The preceding p = 2 sampling solution exploits spatial autocorrelation via a geographic tessellation stratified random design, and is then improved by applying the ALTERN heuristic to its result. The p = 3 procedure exemplified in this section builds upon this approach by applying ALTERN to each individual sample rather than to a sample average. This application is more effective because of the increased complexity companion accompanying increasing p. As mentioned previously, the simulation experiment performed for this section’s analysis utilized a 6-by-6 sampling grid (to be close to the minimum sample size of 30), n = 72 (to balance the stratified sampling with two observations per areal unit), and 1000 replications (to allow the law of large numbers to take effect) because of timing requirements. In addition, for comparison purposes, the execution of the ALTERN heuristic from random allocation initiations furnishes benchmark optima. Table 6 tabulates selected results for this numerical example; Figure 9 portrays the simulated sample of sampling distributions for the objective function value pairs. Solution frequencies appearing in Table 6 substantiate the contention that exploiting spatial autocorrelation in the geographic distribution of weights is an effective strategy for solving spatial optimization L-A problems. Although the ALTERN heuristic is extremely fast and could easily be executed 10,000 times without truly taxing computing resources, repeatedly solving the exact p > 2 problem for a 6-by-6 stratification grid is not an onerous task, at least for p = 3. The tessellation stratified random sampling design ensures a wide geographic landscape coverage when computing a solution, a property that random sampling fails to guarantee. Furthermore, safeguarding the representativeness of each sample (via spatial autocorrelation and geographic stratification), together with the feasibility of each initial solution (e.g., regional groupings of demand points are coterminous), tends to render globally optimal solutions. Adding to these implications, Figure 9 unveils a strong tendency for spatial autocorrelation to concentrate local optima near their corresponding global optima, as measured by objective function values.

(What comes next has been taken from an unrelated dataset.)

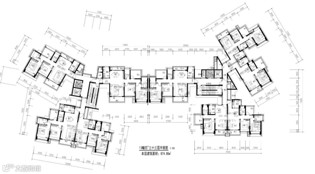 各户型在保证间距的前提下分别扭转一定角度,建立视线通廊。户户可享有近处的大庭院景观和远处的自然风光。北侧享有院景,南侧有体育公园用地景观和淡水河景观,大户型主要靠近南侧布置,机翼户型全部做到南北通透。小区一共由13栋楼,17个单元组成,归纳后为4种单元,5种户型。

4. Discussion and Conclusions

To summarize, 1-D and 2-D statistical analyses can be illuminating for spatial statistical problems, transcending the conventional univariate and multivariate statistical specialties. These usages take interested scholars of the statistics discipline to the realms of centrography and spatial statistics, addressing ideas such as spatial mean, spatial median, standard distance, and a range of 2-D probability functions and random variables. This paper employs 2-D independent variables—and hence joint pdfs that are products of their pairs of marginal pdfs—to describe geographic distributions of discrete points across a continuous landscape, as well as to describe attribute values attached to these individual geocoded locations. The toy 1-D constructions assist in elucidating more real-world, tailored 2-D constructions, with the spatial medians treated here ranging from a single global to three regional locations.
In conclusion, a primary goal of this paper was to help fill the existing gap in the scholarly literature at the interface of spatial statistics and spatial optimization, with a secondary aim of encouraging considerably more future collaboration and interaction within this nascent domain. The research summarized here builds upon the fundamental and foundational spatial statistical concept of spatial autocorrelation: geographically informed sampling designs acknowledging a non-random mixture of geographic demand weight values that manifests itself as local homogeneous spatial clusters of these values can help spatial optimization techniques determine spatial optima, at least for L-A problems. One valuable discovery during this investigation is that existing but ignored spatial autocorrelation latent in georeferenced demand point weights undermines spatial optimization algorithms; unnoticed spatial autocorrelation seems to obscure their targets on the one hand, and on the other hand, they distract their trajectories from tracing a path to global optima by prodding them to stray to local optima along the way.
The existence of non-unique global optima for a spatial optimization problem is a serious complication apparently assuaged, at least to some degree, by spatial autocorrelation. This obstacle may be a function of relatively small n and/or p, a uniform distribution of demand, the shape of a geographic landscape, the prevailing of zero spatial autocorrelation (an unlikely condition), or some combination of these and other factors. The reported cataloging in Table 6 raises existence questions about this possibility for practical empirical settings. Nevertheless, this paper documented success in solving very modest-size spatial optimization problems in order to obtain sizeable solutions for spatial optimization problems (which Figure 4 and Figure 7 timing experiment scatterplots disclose as problems that quickly become intractable, and eventually infeasible) merely by exploiting spatial autocorrelation. This offers an innovative passageway—to fruitful future spatial statistical research endeavors in particular, and to those that are all-purpose statistical in general.
Future research also needs to expand p beyond 3, and establish how to generalize and upscale the findings encapsulated in this paper. In addition, other spatial optimization problems warrant comparable analytical attention, as do connections with other statistical science subfields such as quantile and order statistics.

Funding

This research was supported by the National Science Foundation, grant BCS-1951344. Any opinions, findings, and conclusions or recommendations expressed in this article are those of the author, and do not necessarily reflect the views of the National Science Foundation.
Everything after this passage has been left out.